Prerequisite to configuration, though, is initialization, described first.

Initializing the Audio Session

The system gives you an audio session object upon launch of your application. Before working with the session, you must initialize it. How you handle initialization depends primarily on how you want to handle audio interruptions:

If using the AV Foundation framework for managing interruptions (explained in “Handling Interruptions Using Delegate Methods”), take advantage of the implicit initialization that occurs when you obtain a reference to the AVAudioSession object, as shown here:
// implicitly initializes the audio session
AVAudioSession session = [AVAudioSession sharedInstance];
The session variable now represents the initialized audio session and can be used immediately. Apple recommends using implicit initialization when you handle audio interruptions with the AVAudioSession class’s interruption delegate methods, or with the delegate protocols of the AVAudioPlayer and AVAudioRecorder classes.
Alternatively, you can write a C callback function to handle audio interruptions (explained in “Handling Interruptions Using a Callback Function”). You must then attach that code to the audio session by using explicit initialization with the AudioSessionInitialize function. Typically, you’d perform explicit audio session initialization in your application’s main controller class, inside that class’s initialization method. “Initializing an Audio Session” provides a code example.
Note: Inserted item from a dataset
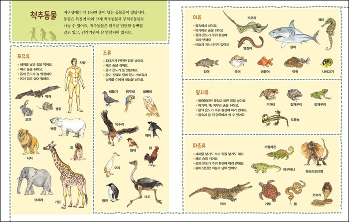 그마마도 잘못 알거나 잘 모르는 것도 많고요. 권오길 박사님은 동물이란 무엇일까부터 분류, 사는 곳, 먹이, 그리고 자손을 남기고 살아가는 방법까지 차근차근 알려줍니다. 그야말로 친절한 과학 교과서라고 할 수 있지요. 읽다보면 모르는 이야기도 알게 되고, 작은 벌레, 날아가는 새도 다시 한번 관찰하게 된답니다.

Activating and Deactivating the Audio Session

The system activates your audio session on application launch. Even so, Apple recommends that you explicitly activate your session—typically as part of your application’s viewDidLoad method. This gives you an opportunity to test whether or not activation succeeded. Likewise, when changing the audio session’s active/inactive state, check to ensure that the call is successful. Write your code to gracefully handle the system refusing to activate your session.

The system deactivates your audio session for a Clock or Calendar alarm or incoming phone call. When the user dismisses the alarm, or chooses to ignore a phone call, the system allows your session to become active again. Do reactivate it, upon interruption end, to ensure that your audio works. For code examples, see “Activating and Deactivating the Audio Session.”
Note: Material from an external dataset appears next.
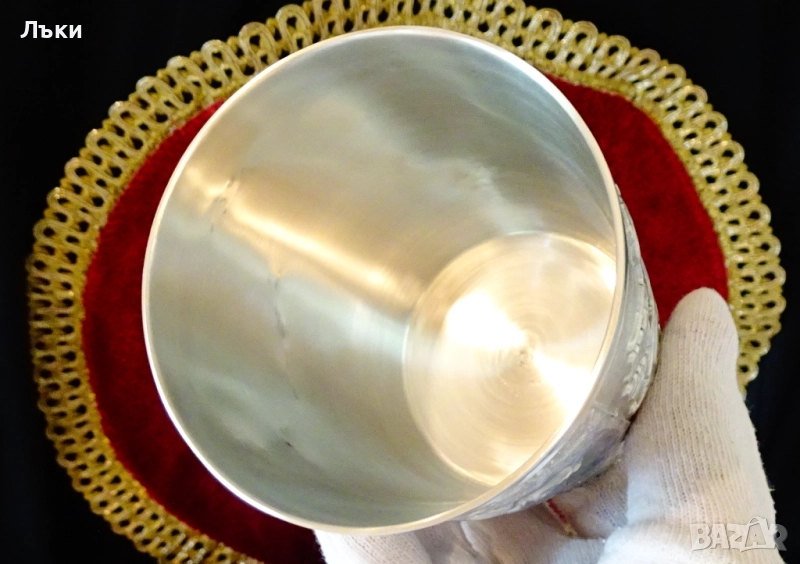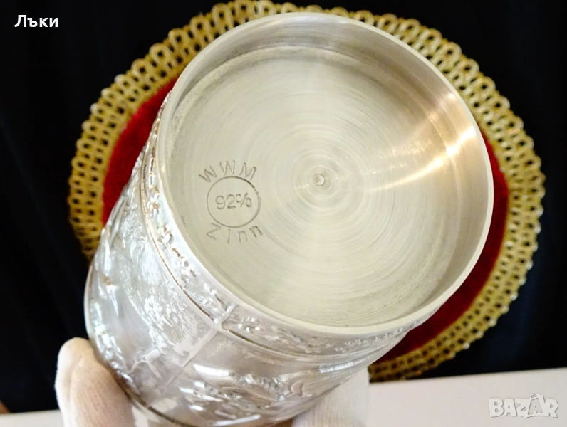 изработка от 95% калай и 5% сребро,маркирана от производителя.Декорирана с три

In the specific case of playing or recording audio with an AVAudioPlayer or AVAudioRecorder object, the system takes care of audio session reactivation.

Most applications never need to explicitly deactivate their audio session. A possible exception is a recording application. An active session should have the “recording” category only when the application is recording. When recording stops, you can deactivate the session to allow other sounds, such as incoming text message alerts, to play. Only deactivate the session, though, if your application has no sounds to play. If you provide playback of recorded audio, for example, change the category from recording to playback instead of deactivating the session.

Choosing the Best Category

iOS has six audio session categories:

Three for playback
One for recording
One that supports playback and recording—that need not occur simultaneously
One for offline audio processing

To pick the best category, consider a few factors:

The best category is the one that most closely supports your audio needs. Do you want to play audio, record audio, do both, or just perform offline audio processing?
Is audio that you play essential or peripheral to using your application? If essential, the best category is one that supports playback with the Ring/Silent switch set to silent. If peripheral, pick a category that goes silent with the Ring/Silent switch set to silent.
Is other audio (such as iPod audio) playing when the user launches your application? Checking during launch enables you to branch. For example, a game application could choose a category configuration that allows iPod audio to continue if it’s already playing, or choose a different category configuration to support a built-in app soundtrack otherwise.

The following list describes the categories. The first category allows other audio to continue playing; the remaining categories indicate that you want other audio to stop when your session becomes active. However, you can customize the nonmixing “playback” and “play and record” categories to allow mixing, as described in “Fine-Tuning the Category.”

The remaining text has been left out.